#### ACTIVITY
Give back only the lines in the records below from the one with "Signed Harry Iskin" to the one with "Analiza diferențelor salariale", both inclusive, word for word.

#### THE RECORDS
┌────────

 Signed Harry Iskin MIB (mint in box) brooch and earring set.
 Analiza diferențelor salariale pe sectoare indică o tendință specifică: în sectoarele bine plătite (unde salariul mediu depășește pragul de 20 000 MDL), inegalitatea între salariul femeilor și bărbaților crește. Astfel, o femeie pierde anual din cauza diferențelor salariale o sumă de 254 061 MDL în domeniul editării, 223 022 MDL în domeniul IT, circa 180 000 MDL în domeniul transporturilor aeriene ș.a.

└────────
┌────────

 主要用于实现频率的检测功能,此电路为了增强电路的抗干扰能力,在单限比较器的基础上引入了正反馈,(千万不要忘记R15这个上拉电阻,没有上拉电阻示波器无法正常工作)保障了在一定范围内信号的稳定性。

└────────

#### ANSWER BOX
 Signed Harry Iskin MIB (mint in box) brooch and earring set.
 Analiza diferențelor salariale pe sectoare indică o tendință specifică: în sectoarele bine plătite (unde salariul mediu depășește pragul de 20 000 MDL), inegalitatea între salariul femeilor și bărbaților crește. Astfel, o femeie pierde anual din cauza diferențelor salariale o sumă de 254 061 MDL în domeniul editării, 223 022 MDL în domeniul IT, circa 180 000 MDL în domeniul transporturilor aeriene ș.a.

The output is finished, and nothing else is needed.